Jaylon Carlies

No. 57 – Indianapolis Colts
- Position: Linebacker
- Roster status: Active

Personal information
- Born: September 13, 2001 (age 24) Orlando, Florida, U.S.
- Listed height: 6 ft 3 in (1.91 m)
- Listed weight: 227 lb (103 kg)

Career information
- High school: West Orange (Winter Garden, Florida)
- College: Missouri (2020–2023)
- NFL draft: 2024: 5th round, 151st overall pick

Career history
- Indianapolis Colts (2024–present);

Career NFL statistics as of 2024
- Total tackles: 36
- Sacks: 1
- Pass deflections: 1
- Stats at Pro Football Reference

= Jaylon Carlies =

American football player (born 2001)

Jaylon Carlies (Pronounced: "CAR-lize") (born September 13, 2001) is an American professional football linebacker for the Indianapolis Colts of the National Football League (NFL).
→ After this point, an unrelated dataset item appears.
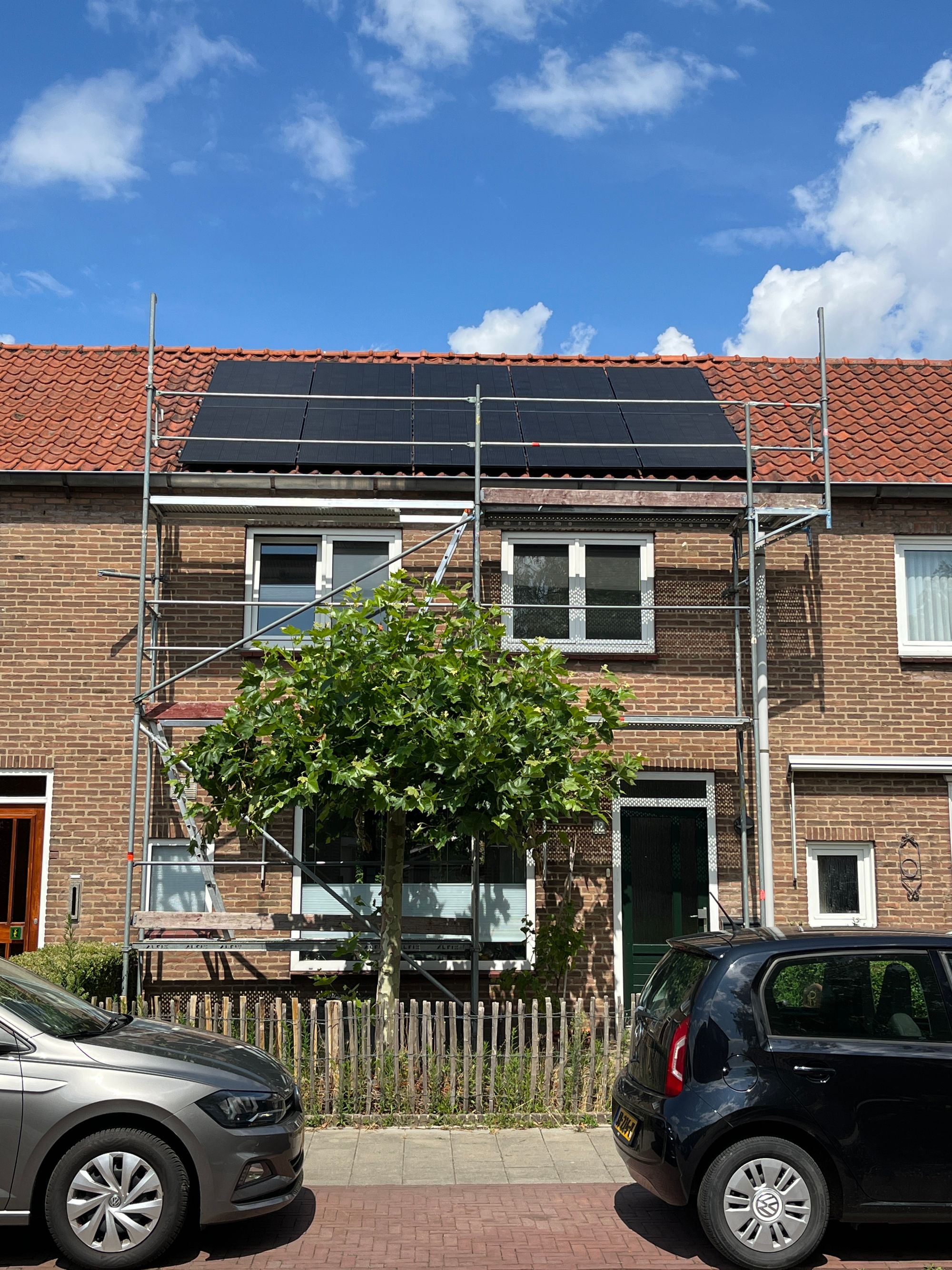 Mijn dak ging eraf (van mijn huis) en een nieuw dak erop. Eindelijk zonnepanelen en daarmee is de per-saldo-energieneutraal renovatie van mijn woning na twee jaar eindelijk voor 99,9% afgerond. Het enige dat nog ontbreekt is een module in mijn afzuigkap die tegen een klepje in het dak zegt "hee, doe eens wat frisse lucht aanzuigen" op het moment dat ik de afzuigkap aan zet.

He played college football for the Missouri Tigers and was selected by the Colts in the fifth round of the 2024 NFL draft.

== Early life ==

Carlies grew up in Orlando, Florida and attended West Orange High School where he lettered in football and track and field. He was regarded as an elite sprinter at the high school level and began his football journey as a wide receiver on the West Orange team.

Coming out of high school, Carlies was rated as a three-star recruit, where he decided to commit to play college football for the Missouri Tigers.

Carlies was 6-foot-1 at the time of high school graduation but continued to grow into his college years, topping out just shy of 6'3".

== College career ==

In Carlies' freshman season in 2020, he notched eight tackles. In week two of the 2021 season, Carlies got his first career start which he took advantage of notching four tackles, an interception, and a forced fumble versus Kentucky. In week ten, Carlies had two goal line stops and an interceptions against #1 Georgia. In the 2021 season, Carlies totaled 67 tackles with three being for a loss, and a team-leading four interceptions. Carlies finished the 2022 season with 81 tackles, a sack, four pass deflections, three interceptions, and a forced fuble.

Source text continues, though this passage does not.